Friday, September 3, 2010

The Influence Of The English Bible

from The Christian Reader:

The Influence of the English Bible


by Eric Rauch



One of the easy things to forget in our modern, information-saturated era of history is just how unique it is to have instant access to a Bible in our own language. Forget for a minute that we don’t just have one Bible available, but literally hundreds of Bibles available in the English language alone. There is a study Bible for nearly every demographic imaginable, including some that aren’t (imaginable that is). We have teen Bibles and senior Bibles, we have white-collar Bibles and blue-collar Bibles, we have boy Bibles and girl Bibles, and we even have a Bible that has no gender. Even though we have far more Bibles lying around than any other time in history—to the point that every American home has at least three copies—it is also paradoxically true that we are the most ignorant of what the Bible actually says. Further, very few modern readers have much of an idea about the history of how we came to have a Bible in English in the first place.





Get "A Visual History of the English Bible" from the bookstore

It is these two difficulties—little knowledge of the Bible’s content and history—that makes Donald Brake’s new book, A Visual History of the English Bible, such a necessary reference work for every Christian home. Filled with illustrations, graphs, charts, photographs, and fascinating information, A Visual History is difficult to put down. Added to the fact that the book is a beautiful presentation of the information, the publisher is offering the book at a steal of a price. A hardcover, full-color, glossy-page, smyth-sewn book for under $20 is nearly unheard of, but Baker Books has made this possible, so don’t waste time asking why.

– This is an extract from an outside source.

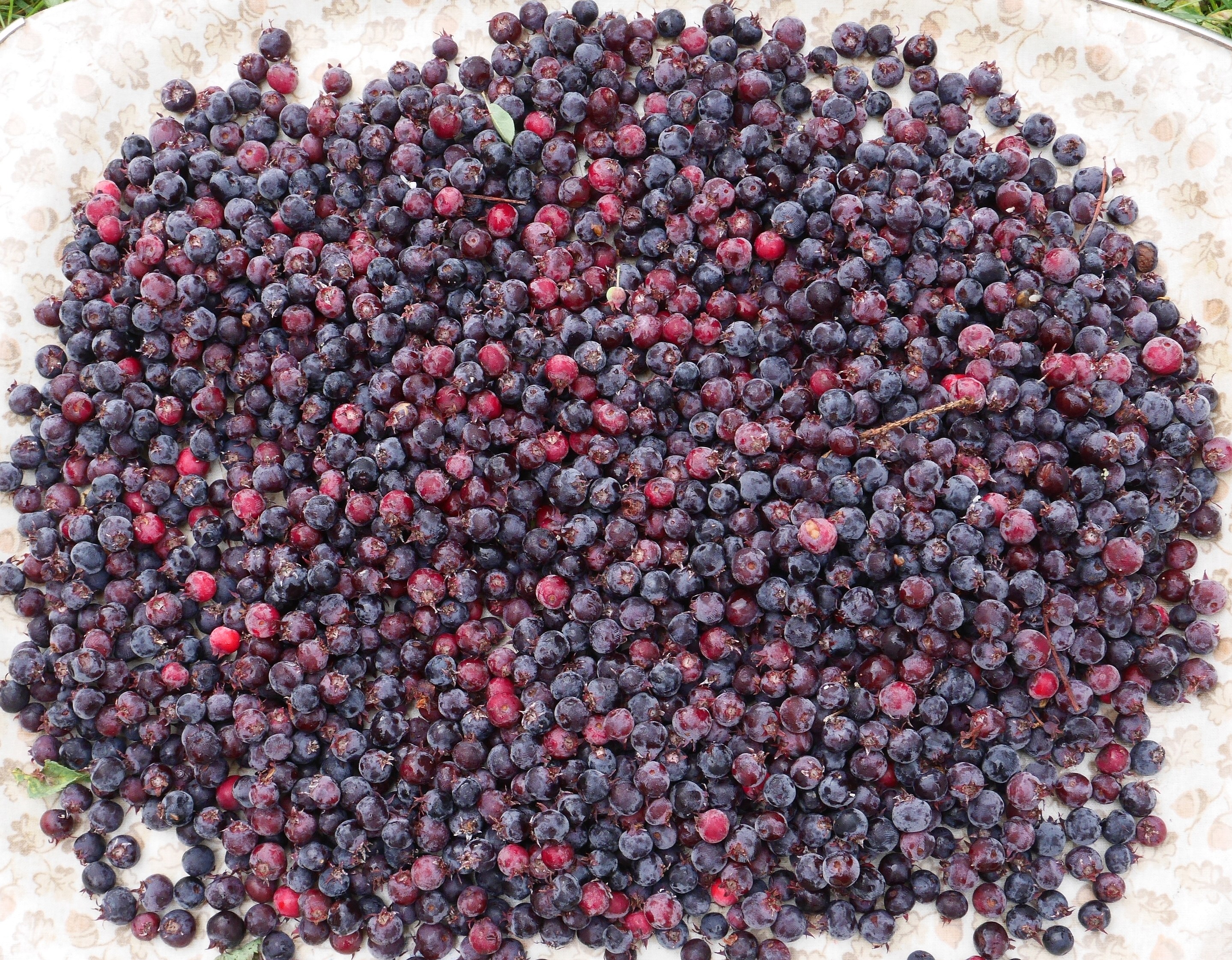 P1620583 July 28, 2016 2877 × 2242 Cycle home forage! The haul from my cycle ride home (arriving home at 10:30 pm with only bilberrries for dinner!) apart from, bottom left, which are saskatoon berries picked in my garden! Optimized print or PDF

Dr. Donald Brake is as much a Bible collector as he is a Bible scholar. Brake founded Multnomah Biblical Seminary in Portland, Oregon in 1993 and continues to serve on the Seminary’s administrative staff. His passion for the Word of God shows through clearly in his writing, but it his sense as a collector that differentiates A Visual History from other similar books. Brake pays attention to details that most scholars would miss about the physical books themselves. Understanding the printing industry is an important part of understanding the history and development of the English Bible. Knowing how manuscripts moved from hand-copied texts to machine-printed translations is fascinating and is as integral to the complete picture of how we got our English Bible as are the stories of the translators’ bravery and courage. Even though I found myself disagreeing with Brake’s theology at times, his history is relatively sound. A Christian who is unfamiliar with the sacrifice and danger that countless men and women have endured to give us a Bible in our own language, is a Christian that needs to be educated. A Visual History is the tool to make that education possible, and painless.



A necessary discussion of any English Bible translation is the “King James only” controversy. Dr. Brake does a good job in demystifying this subject and shedding much needed light on this often heated topic. Although he makes it quite clear that he has no love for its Calvinistic tradition, Brake rightly shows how the Geneva Bible—translated into English 50 years before the King James—was actually a great influence on the King James translation. The whole reason for commissioning the King James Bible was because the King disagreed with the marginal notes of the Geneva, he did not have a problem with the translation itself. Some scholars estimate that the KJV is nearly 90% identical to the Geneva translation. The fact of the matter is that both the Geneva and the KJV are both fairly accurate translations of the limited number of Greek and Hebrew manuscripts that were available to scholars 400 years ago. Fighting over which translation is the better one is more a matter of opinion than it is of fact.



American social order, culture, and government owes a huge debt of gratitude to the English Bible and the Christians who first brought it here. Up until 50 years ago, the Bible was a book that nearly everyone in this country was at least familiar with, and most had read it at least once. Today, Bible knowledge and familiarity is staggeringly low, and most people who reject the Bible outright have never bothered cracking open one of the three in their home. If Dr. Brake’s book does anything, I pray it renews a study of the influence and connectedness of the Bible and America. Perhaps if more people understood the deep impact that the Bible held—and still holds—over the underlying infrastructure of America, more people would consider reading the Book itself. The Reformation took place in Europe, and had the lasting effects that it did, because common men and women were able to read the Bible in their own language and in their own homes. We take this divine blessing for granted in this country to our own detriment. America’s reformation is as close—or as far—as the Bibles that sit unread on the bookshelves of our homes. “As author Marion Simms states, ‘No nation in all of history was ever founded by people so dominated by the Bible as America’” (p. 249). May this be true of us once again.